Updated by Jiayong Li almost 2 years ago
The assignment happened in main.py
temp_executor = MultithreadedJobExecutor() runtimeContext.select_resources = temp_executor.select_resources
Updated by Jiayong Li almost 2 years ago
1. There is no explicit mention of select_resources from cwltool.executors in a-c-r code, how is it implicitly used?
2. How do I use select_resources from cwltool.executors in arvados_cwl.executor without copy/pasting?
Answer:
Currently we don't use select_resources hook (runtimeContext.select_resources is None), we use defaultReq as requirement.
process.py
evalResources
if runtimeContext.select_resources is not None: # Call select resources hook return runtimeContext.select_resources(request_evaluated, runtimeContext) defaultReq = { "cores": request_evaluated["coresMin"], "ram": math.ceil(request_evaluated["ramMin"]), "tmpdirSize": math.ceil(request_evaluated["tmpdirMin"]), "outdirSize": math.ceil(request_evaluated["outdirMin"]), }
Updated by Peter Amstutz almost 2 years ago
- Target version changed from 2022-12-21 Sprint to 2023-01-18 sprint
Updated by Peter Amstutz over 1 year ago
- Target version changed from 2023-01-18 sprint to 2023-02-01 sprint
Updated by Peter Amstutz over 1 year ago
- Target version changed from 2023-02-01 sprint to To be scheduled
- Assigned To deleted (
Jiayong Li)
Updated by Peter Amstutz over 1 year ago
- Related to Idea #20273: More CWL runner improvements added
Updated by Peter Amstutz over 1 year ago
- Related to deleted (Idea #17848: CWL runner improvements)
Updated by Peter Amstutz over 1 year ago
- Target version changed from To be scheduled to Development 2023-07-05 sprint
Updated by Peter Amstutz over 1 year ago
- Related to Idea #18179: Better spot instance support added
Updated by Peter Amstutz over 1 year ago
- Target version changed from Development 2023-07-05 sprint to Development 2023-07-19 sprint
Updated by Peter Amstutz over 1 year ago
- Target version changed from Development 2023-07-19 sprint to Development 2023-08-02 sprint
Updated by Peter Amstutz about 1 year ago
- Target version changed from Development 2023-08-02 sprint to Future
Updated by Brett Smith 10 months ago
Now that Crunch is gaining the ability to consider a range of instance types for a container, how are these features going to interact? e.g., in the example in the description, the workflow step says it can use anywhere between 4-16 cores.
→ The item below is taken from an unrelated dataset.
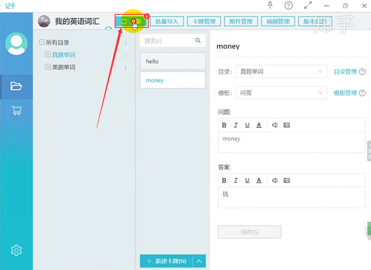 1、首先我们在电脑端记乎卡编器上新建一个单词卡牌“HELLO”。该单词所在目录,上传之后位置会与手机APP端目录相同。

If select_resources
boils this down to a request for 8 cores (the largest available in the range), does that mean Crunch won't consider running the container on 4-core nodes, even though the workflow step would support it?
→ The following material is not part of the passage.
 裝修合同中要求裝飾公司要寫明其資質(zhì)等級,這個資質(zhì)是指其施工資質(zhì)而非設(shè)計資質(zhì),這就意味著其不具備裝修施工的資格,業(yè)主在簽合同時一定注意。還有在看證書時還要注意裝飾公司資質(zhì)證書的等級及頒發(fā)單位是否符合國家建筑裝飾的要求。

Updated by Brett Smith 10 months ago
- Related to Feature #20978: Support multiple candidate instance types to assign containers added
Updated by Peter Amstutz 10 months ago
Brett Smith wrote in #note-51:
Now that Crunch is gaining the ability to consider a range of instance types for a container, how are these features going to interact? e.g., in the example in the description, the workflow step says it can use anywhere between 4-16 cores. If
select_resources
boils this down to a request for 8 cores (the largest available in the range), does that mean Crunch won't consider running the container on 4-core nodes, even though the workflow step would support it?
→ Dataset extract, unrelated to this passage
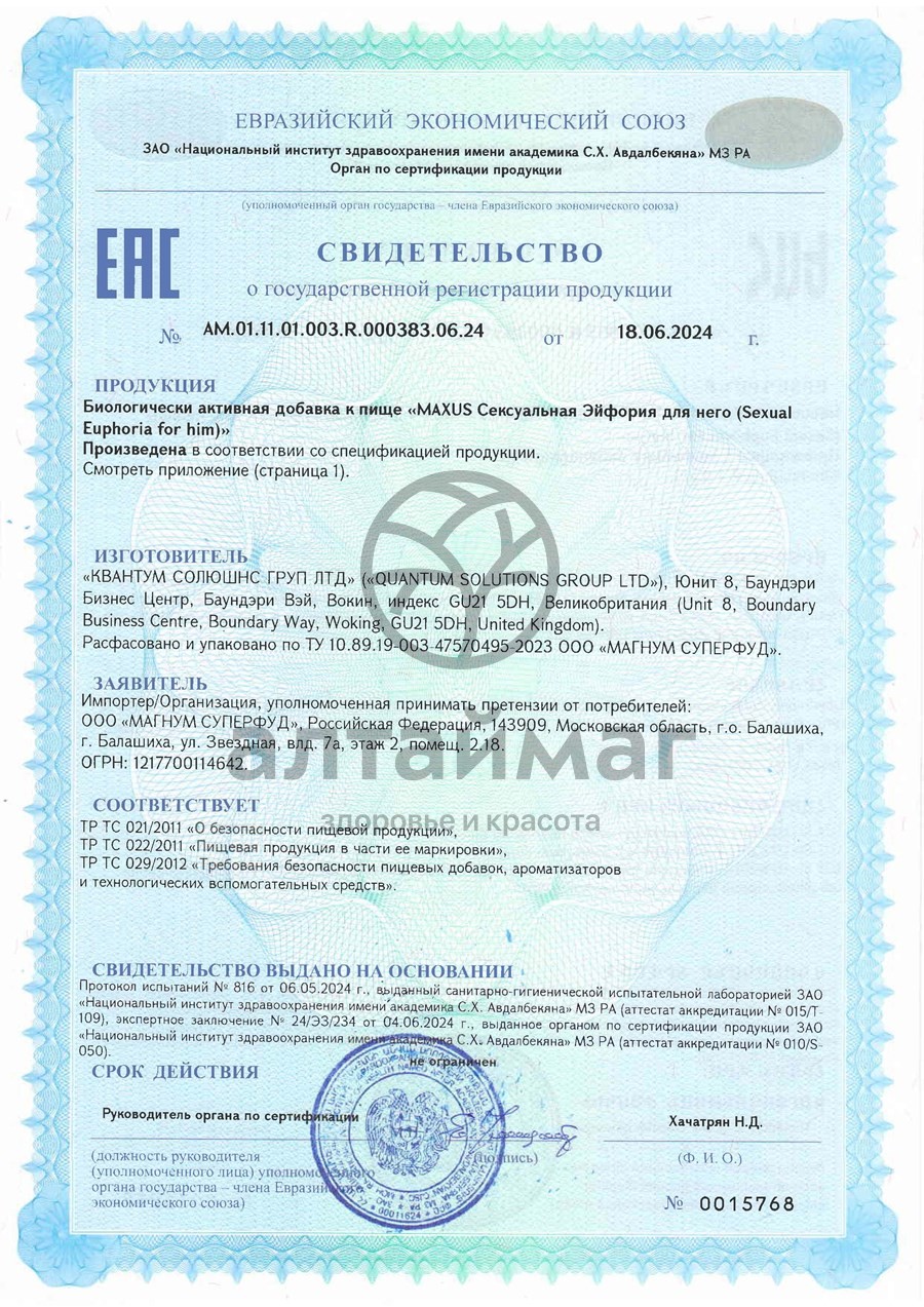 Есть вопросы по товару "Maxus Sexual Euphoria для него 60 капсул"?

Further complicating things, CWL lets you include runtime node selection parameters in the command line or environment, e.g. setting a --threads
parameter equal to the number of CPU cores allocated. So pushing node selection over to the dispatcher (which is in the position to choose a lower spec node when a higher spec node isn't available) isn't ideal either.
This feature could use some more design work.
One thought that occurs to me would be to ask for maximum specs and set a maximum time you're willing to wait for an instance type once it has reached the top of the priority list, and have a new container failure state "unsatisfyable" that would tell a-c-r could retry at lower specs.